The most common data preprocessing techniques:


1. Mean removal

Removing the average value of each feature to ensure that the average value of each feature is zero (i.e., normalization) eliminates deviations between features.

# # # # # # # # # # # to Normalization# data set # # # # # # # # # # # # # # # # # # # # # # # #
import numpy as np
from sklearn import preprocessing

data=np.array([[3.1.5.2.5.4],
               [0.4.0.3.2.1],
               [1.3.3.1.9.4.3]]) Shape =(3,4)
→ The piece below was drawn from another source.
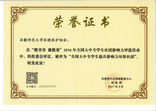 同时,协会也积极主持参与社会各类环保项目。2011年,“保护母亲河—全国青少年生态环保社团小额资助美涂士”项目被评为全国一类环保公益项目;2017年,在“CYCAN高校节能7.0校园低碳”项目中获得了全国第四名,且荣获“能耗调研优秀团队”荣誉(全国十佳优秀调研团队)与“能耗调研绿色青年力量”称号;同年成功结项了“CYCAN‘MyH2O’中国水质地图平台”项目;4月又荣获中国扶贫基金会和中石油公司“益路同行”公益社团年度项目资助资格。协会的工作也得到了国家基金会的支持和肯定,2017年4月,协会作为全国30支社团之一入选了中华环保基金会和中国扶贫基金会首批全国高校环保行动联盟,同时入选其 “GREEN IDOL”校园环保公益挑战赛联合发起方。同年12月,协会对“化”成长——绿色使者环保讲师赴皖南长江流域城市化学环保科普能力定向培养项目获2017年“阿克苏诺贝尔中国大学生社会公益奖”金奖。

data_standardized=preprocessing.scale(data)

print(data_standardized.shape)
print('Mean={}'.format(data_standardized.mean(axis=0)))
print('Mean2={}'.format(np.mean(data_standardized,axis=0)))
print('standardized: ')
print(data_standardized)
print('STD={}'.format(np.std(data_standardized,axis=0)))
Copy the code

— — — — — — — — — — — — — — — — — — — — — — — — — — — — — — — — — — — — — — — — — — – — – a — — — — — — — — — — — — — — — — — — — — — — — — — — — — — — — —

(3, 4) Mean=[5.55111512E-17-1.11022302E-16-7.40148683E-17-7.40148683E-17] Mean2=[5.55111512E-17-1.11022302E-16 7.40148683 e-17 7.40148683 e-17] standardized: [[1.33630621-1.40451644 1.29110641-0.86687558] [-1.06904497 0.84543708-0.14577008 1.40111286] [-0.26726124 0.55907366-1.14533633-0.53423728]] STD=[1.1.1 1.1.]
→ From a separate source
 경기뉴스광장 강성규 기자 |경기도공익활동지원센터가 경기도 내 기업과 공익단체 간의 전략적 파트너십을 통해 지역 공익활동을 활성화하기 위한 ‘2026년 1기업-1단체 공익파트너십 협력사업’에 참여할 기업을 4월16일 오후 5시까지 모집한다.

— — — — — — — — — — — — — — — — — — — — — — — — — — — — — — — — — — — — — — — — — — — — — — — — — – — — — — — — — — — — — — — — — — — — — — — — — — — — — — — — –

# # # # # # # # # # # # # # # # # # # # # # # # small * * * * * * * * * * and # # # # # # # # # # # # # # # # # # # # # # # # # # # # # # #

1, the mean of each column of the matrix after the value is removed is about 0, while STD is 1. The purpose of this is to ensure that the values of each feature column are in the range of similar data, so as to prevent the natural value of a feature column from being too large.
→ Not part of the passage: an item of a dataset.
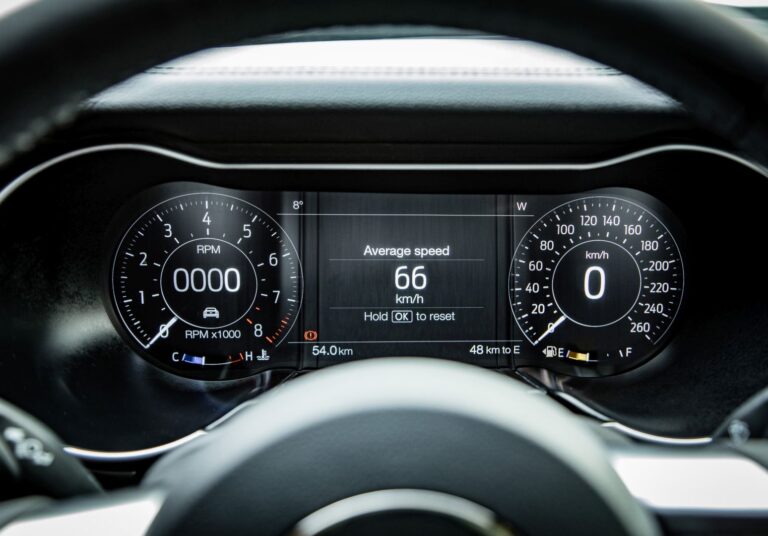 12-calowy wyświetlacz służył do konfigurowania trybów jazdy samochodu, mówiąc dokładniej, do ustawiania układu kierowniczego, zawieszenia i dźwięku wydechu. Choć użytkownicy mogli przełączać się między różnymi trybami jazdy, mogli również dodać swój spersonalizowany. Na przykład, ponieważ wydech był dość głośny, mogli wybierać tryb cichy przy uruchamianiu silnika. Owszem, „cichy” to nie do końca odpowiednie określenie dla silnika V8 o pojemności 5.0 litrów i mocy 480 KM.

2. You can directly call the mature scale method in the Preprocessing module to perform mean removal on a NUMPY matrix.

3. There are at least two ways to find the average (or STD, min, Max, etc.) of a NUMPY matrix, as shown in lines 9 and 10 of the code.

# # # # # # # # # # # # # # # # # # # # # # # # # # # # # # # # # # # # # # # # # # # # # # # # # # # # # # # # # # # # # # # # #


2. Scaling

Necessity: The range of values for each feature column in a data point can vary greatly; therefore, it is sometimes necessary to scale the range of values for the feature column to a reasonable size.

########### scale the data set #########################
import numpy as np
from sklearn import preprocessing

data=np.array([[3.1.5.2.5.4],
               [0.4.0.3.2.1],
               [1.3.3.1.9.4.3]]) Shape =(3,4)

data_scaler=preprocessing.MinMaxScaler(feature_range=(0.1)) # scale between (0,1)
data_scaled=data_scaler.fit_transform(data)

print('scaled matrix: *********************************')
print(data_scaled)
Copy the code

— — — — — — — — — — — — — — — — — — — — — — — — — — — — — — — — — — — — — — — — — — – — – a — — — — — — — — — — — — — — — — — — — — — — — — — — — — — — — —

scaled matrix: * * * * * * * * * * * * * * * * * * * * * * * * * * * * * * * * * [[1. 0. 1. 0.] [0. 1. 1. 0.41025641] [0.33333333 0.87272727 0. 0.14666667]]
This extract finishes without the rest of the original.